Swedish people come over by the boatload to stock up on cheap grog and the later opening hours (at least by their their standards). I travelled on by train to Gilleleje, a major fishing port. I had a swim in the late afternoon at one of the beaches, which was very refreshing, then lay down and sunbaked in the weak sun :)
Although Copenhagen is generally very clean, well-ordered and neat, there is an area called the 'Freetown' of Christiania, which was started in the 1970's by a group of hippies and political activists. It is located in an old army area which is surrounded by greenery along a canal only a kilometre or 2 from the central city area, and feels utterly different to the rest of Copenhagen. People have squatted in the old army buildings and have also built shacks to live in, generally painted in bright colours and patterns. There are a number of what you would call rustic pubs and there are lots of people wandering around the paths with bottles of beer in one hand and a joint in the other. I decided to join in and have a beer and watch the passing parade. I walk into one of these pubs and am hit by the strong smell of marijuana. Inside, the place is a zoo - every type of chracter you can think of is there - old men in singlets and brightly coloured board shorts rolling joints, goths, rastas, pretty young girls who don't seem old enough to have left home, etc.
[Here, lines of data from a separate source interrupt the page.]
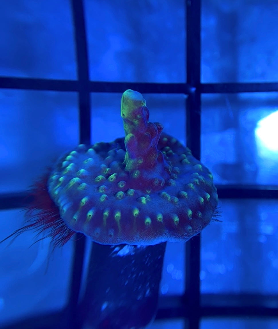 The Reef Regeneration Polar Express Acro is a dark blue acro with bright yellow tips. This amazing acro has one of the darkest blue colors out of any coral. This is a rare piece that prefers high light and high flow.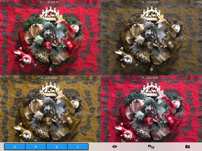 CUDOでは色弱者という呼称を使っているそうなのですが、実態をお聞きしたら、「弱」でいいの?と思ってしまいました。例えば、95%を占める多数派のC型の人は、緑の葉の中に紛れた赤い実をすぐ見分けられます。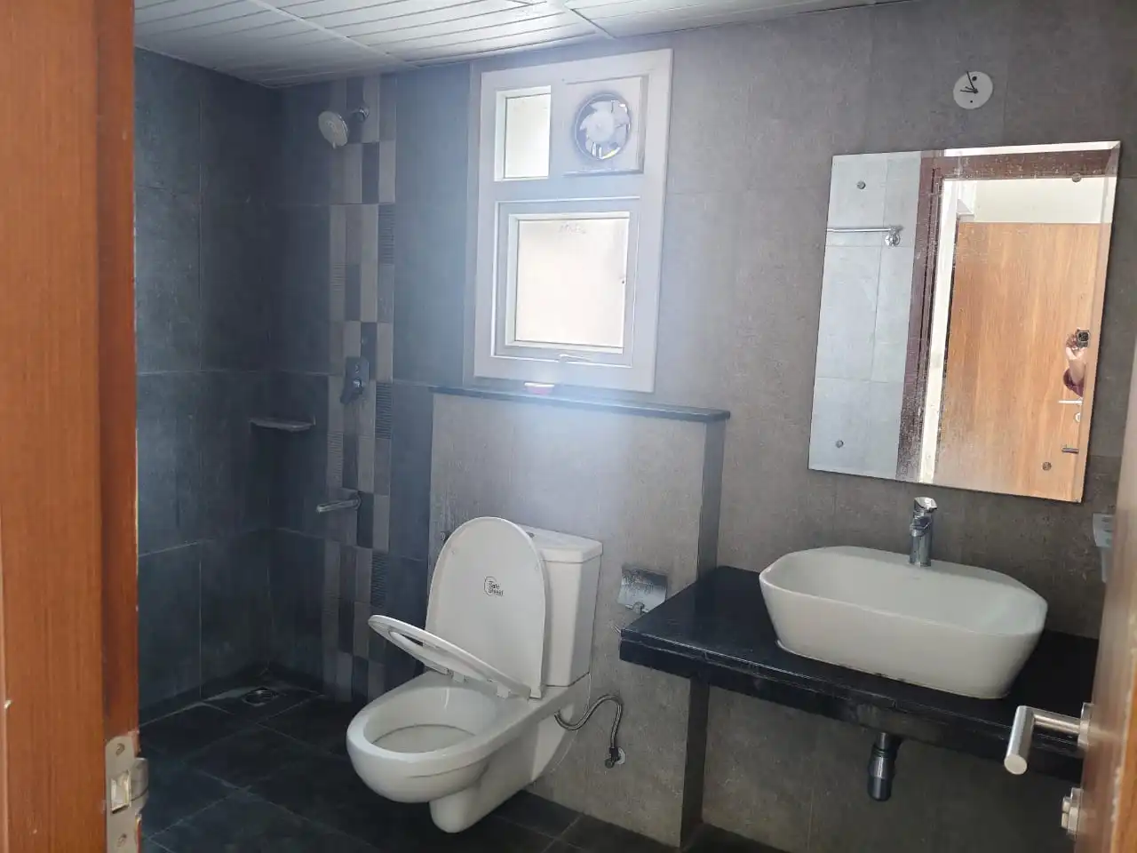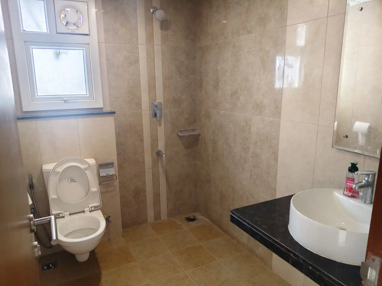 The apartment includes three well-appointed bathrooms. Each bathroom is designed with stylish, modern tiles—one featuring a chic grey theme and another with warm beige tones. They are all fitted with premium sanitary ware, contemporary basin designs, and high-quality shower fixtures. Crucially, geysers are installed in all bathrooms, ensuring you have access to hot water 24/7. The provision of windows and exhaust fans guarantees that the spaces remain fresh and well-ventilated.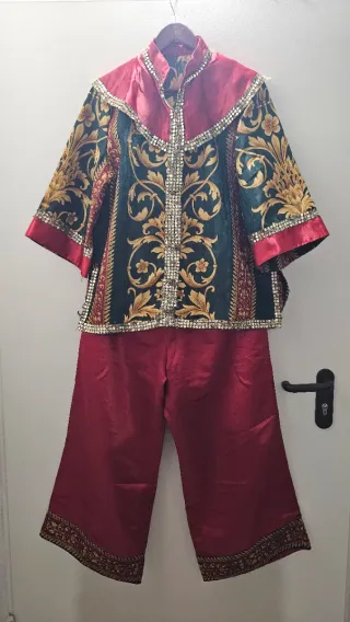 Conjunto de dos piezas con un diseño inspirado en la vestimenta tradicional china. - Chaqueta con estampado floral y detalles dorados. - Pantalón ancho de color liso. Talla Hombre 42 a 46 Talla mujer 36 a 40 Talla niña 8 a 10 años HECHOS A MANO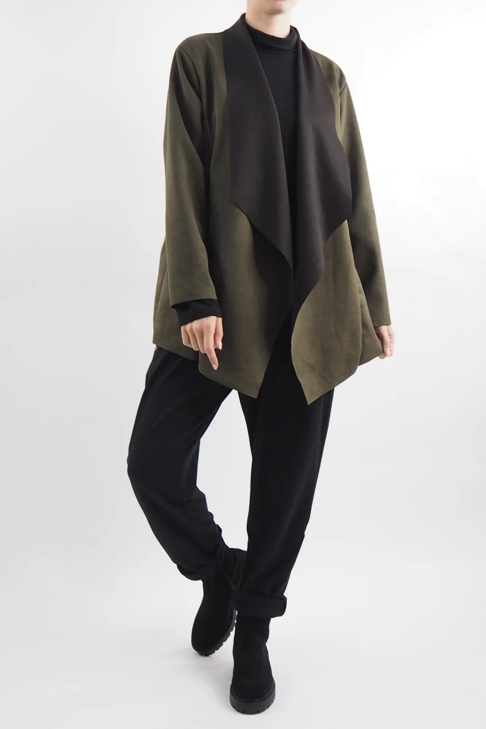 The Made in Italy Sander Moleskin Touch Waterfall Blazer in Bonsai green tones, these jackets are a dream come true, combining the luxurious look of moleskin with the cruelty-free appeal of faux leather. With the waterfall vibe, these jackets are the epitome of cool confidence, effortlessly elevating any outfit to new heights. The faux moleskin material not only adds a touch of opulence but also provides a velvety softness that feels like a dream against the skin. The drawstring waist gives shape and flatters all body types, making a strong statement wherever you go.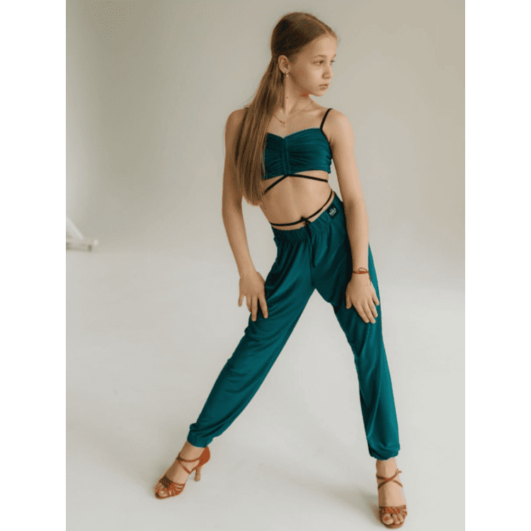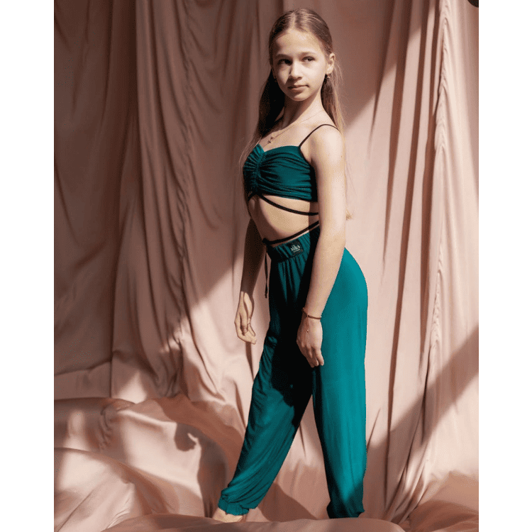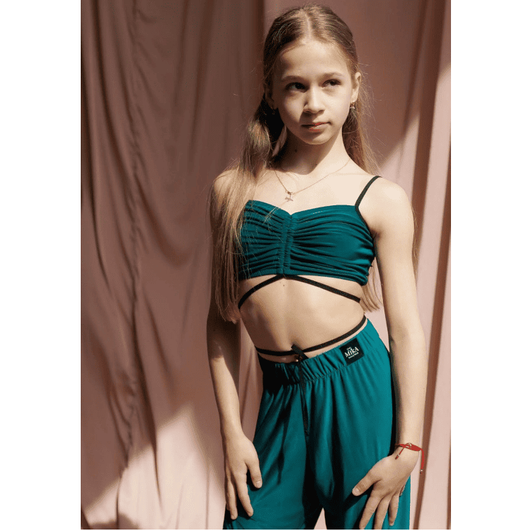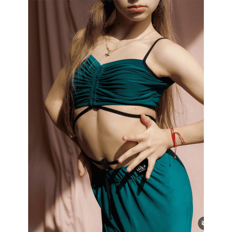 The MIKA Latin Top combines elegance with functionality, designed for young dancers who want to feel both comfortable and stylish. Made from high-quality stretch fabric, it provides a secure fit, freedom of movement, and durability during intense rehearsals. The ruched detailing and delicate straps add a touch of sophistication, making this top a versatile choice for both training and stage.

Like many of these 'societies' there is a feeling of being rundown and pretty aimless. It's so hard to keep utopia going - it seems you need some organisation and discipline, which rather defeats the purpose.
One Sunday morning I have brunch at a funky cafe called Tjili-pop then walk through a cemetery called Assistens, where Soren Kierkegaard, Hans Christian Andersen, Niels Bohr, and many other notable Danes are buried. It's like a botanical park - there are shady trees, bushes, soft green grass. Locals are sunbaking in their bathers and having picnics among the graves. These often have grass, flowers or bushes growing on them and generally have headstones of natural rock.
A sunny Sunday afternoon in Copenhagen is people out in parks, thousands of cyclists, and pubs, restaurants and cafes full of people - much like life in Melbourne although more people are out, probably taking advantage of the short spell of favourable weather. In the 6 days I am in Copenhagen the weather alternates being cloudy, raining and short spells of sun. It's not exactly cold, although it doesn't really warm up.
To sum up my short visit - Copenhagen is a handsome, well-ordered, relatively quiet city. The use of bicycles is great and definitely looks like it has reduced the number of cars on the road. It is fairly expensive to live there - although probably only a little more than Melbourne, but cheaper than London. I unfortunately wasn't there long enough to experience more of the cultural activities, though I did get some of that through hearing the many bands at the tango festival. There are a lot of shops with 'design' items and the local clothing shops look pretty funky and have a lot of locally designed clothes.
I forgot to mention that every day I put in some serious research and ate Danish pastries. There are also some pretty good cafes serving good coffee.
Once again I am left with the hopeless feeling that I need another lifetime to properly explore all the places I would like to visit, as I feel as if I'm skating over the surface, but there's nothing to be done and I pack my bags for Stockholm.